By Isla Binnie and Niket Nishant
(Reuters) -Carlyle Group reported a better-than-expected profit in the second quarter on Wednesday, helped by a pickup in fees as it grew its assets under management.
The investment firm has been trying to advance its turnaround under CEO Harvey Schwartz, who has steered Carlyle deeper into high-growth segments such as private markets and international operations.
Last week, Carlyle named three of its longtime insiders as co-presidents, a new role and a step some analysts said could help reinforce investors’ confidence in the company.
Distributable earnings, or profit that can be returned to shareholders, jumped 25.6% to $431 million, or 91 cents per share.
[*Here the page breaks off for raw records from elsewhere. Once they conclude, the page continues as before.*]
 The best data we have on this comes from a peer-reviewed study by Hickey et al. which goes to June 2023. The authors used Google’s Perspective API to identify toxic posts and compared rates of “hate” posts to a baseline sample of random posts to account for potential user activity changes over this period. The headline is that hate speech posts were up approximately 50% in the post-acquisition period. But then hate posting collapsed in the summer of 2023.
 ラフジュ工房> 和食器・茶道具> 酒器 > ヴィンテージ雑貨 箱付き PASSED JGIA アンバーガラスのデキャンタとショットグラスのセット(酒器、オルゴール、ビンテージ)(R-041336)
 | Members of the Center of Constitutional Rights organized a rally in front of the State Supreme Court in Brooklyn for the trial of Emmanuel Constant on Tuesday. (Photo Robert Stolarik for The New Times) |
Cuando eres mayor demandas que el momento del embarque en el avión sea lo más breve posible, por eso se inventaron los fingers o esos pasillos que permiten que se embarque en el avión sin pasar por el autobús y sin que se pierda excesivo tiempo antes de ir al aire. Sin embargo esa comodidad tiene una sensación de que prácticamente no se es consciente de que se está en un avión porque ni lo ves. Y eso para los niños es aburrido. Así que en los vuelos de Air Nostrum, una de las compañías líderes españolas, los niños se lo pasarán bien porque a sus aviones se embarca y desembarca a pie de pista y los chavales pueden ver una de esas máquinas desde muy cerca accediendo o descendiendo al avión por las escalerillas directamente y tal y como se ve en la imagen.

That compares with 89 cents that analysts had expected, according to estimates compiled by LSEG.
Fee-related earnings grew 18.4% to $323.3 million in the quarter.
Fund management fees rose 16% and transaction and portfolio advisory fees, which Carlyle earns from arranging capital market deals for its portfolio companies and other clients, jumped 66%.
Assets under management at the Washington, D.C.-based company rose 7% to $465 billion, thanks to growth in AlpInvest, Carlyle’s unit for second-hand private equity funds.
The secondary market has given pension funds and other private equity investors a way to sell stakes in companies at a time when elevated interest rates, sweeping U.S. tariffs and geopolitical uncertainty have hampered dealmaking.
Still, market activity was accelerating, Schwartz said.
The company generated $13.4 billion of fresh capital. It deployed $14.6 billion and had $89 billion available for investment at the end of the quarter.
So far this year, Carlyle’s shares have jumped nearly 19% compared with an 8.3% growth in the Nasdaq composite index.